Locate the line bearing "3、java7和java8都" in the material below, then reproduce it and each following line up to and including the line bearing "讲座伊始,黄宇洲经理首先介绍".

* Entries supplied
___
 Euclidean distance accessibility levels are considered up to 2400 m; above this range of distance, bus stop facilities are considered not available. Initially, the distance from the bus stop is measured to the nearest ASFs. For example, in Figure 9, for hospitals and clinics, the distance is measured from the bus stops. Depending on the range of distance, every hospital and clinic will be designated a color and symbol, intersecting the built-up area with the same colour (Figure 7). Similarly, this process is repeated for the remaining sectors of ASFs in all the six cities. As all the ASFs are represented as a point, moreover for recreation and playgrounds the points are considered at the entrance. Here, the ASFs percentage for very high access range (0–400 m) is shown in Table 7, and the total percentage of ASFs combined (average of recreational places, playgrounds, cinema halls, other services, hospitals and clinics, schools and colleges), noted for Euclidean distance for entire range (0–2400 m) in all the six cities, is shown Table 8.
___
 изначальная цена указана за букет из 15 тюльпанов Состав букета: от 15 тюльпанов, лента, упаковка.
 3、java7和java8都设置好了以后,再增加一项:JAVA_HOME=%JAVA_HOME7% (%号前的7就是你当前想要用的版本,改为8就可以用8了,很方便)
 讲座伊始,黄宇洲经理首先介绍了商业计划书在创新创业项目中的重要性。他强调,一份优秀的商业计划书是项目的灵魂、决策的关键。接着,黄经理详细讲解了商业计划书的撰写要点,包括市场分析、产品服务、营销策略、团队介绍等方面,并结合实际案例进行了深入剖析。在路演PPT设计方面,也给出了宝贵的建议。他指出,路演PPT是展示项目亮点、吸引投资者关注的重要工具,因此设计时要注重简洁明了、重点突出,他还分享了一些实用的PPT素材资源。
___
* Your response
 3、java7和java8都设置好了以后,再增加一项:JAVA_HOME=%JAVA_HOME7% (%号前的7就是你当前想要用的版本,改为8就可以用8了,很方便)
 讲座伊始,黄宇洲经理首先介绍了商业计划书在创新创业项目中的重要性。他强调,一份优秀的商业计划书是项目的灵魂、决策的关键。接着,黄经理详细讲解了商业计划书的撰写要点,包括市场分析、产品服务、营销策略、团队介绍等方面,并结合实际案例进行了深入剖析。在路演PPT设计方面,也给出了宝贵的建议。他指出,路演PPT是展示项目亮点、吸引投资者关注的重要工具,因此设计时要注重简洁明了、重点突出,他还分享了一些实用的PPT素材资源。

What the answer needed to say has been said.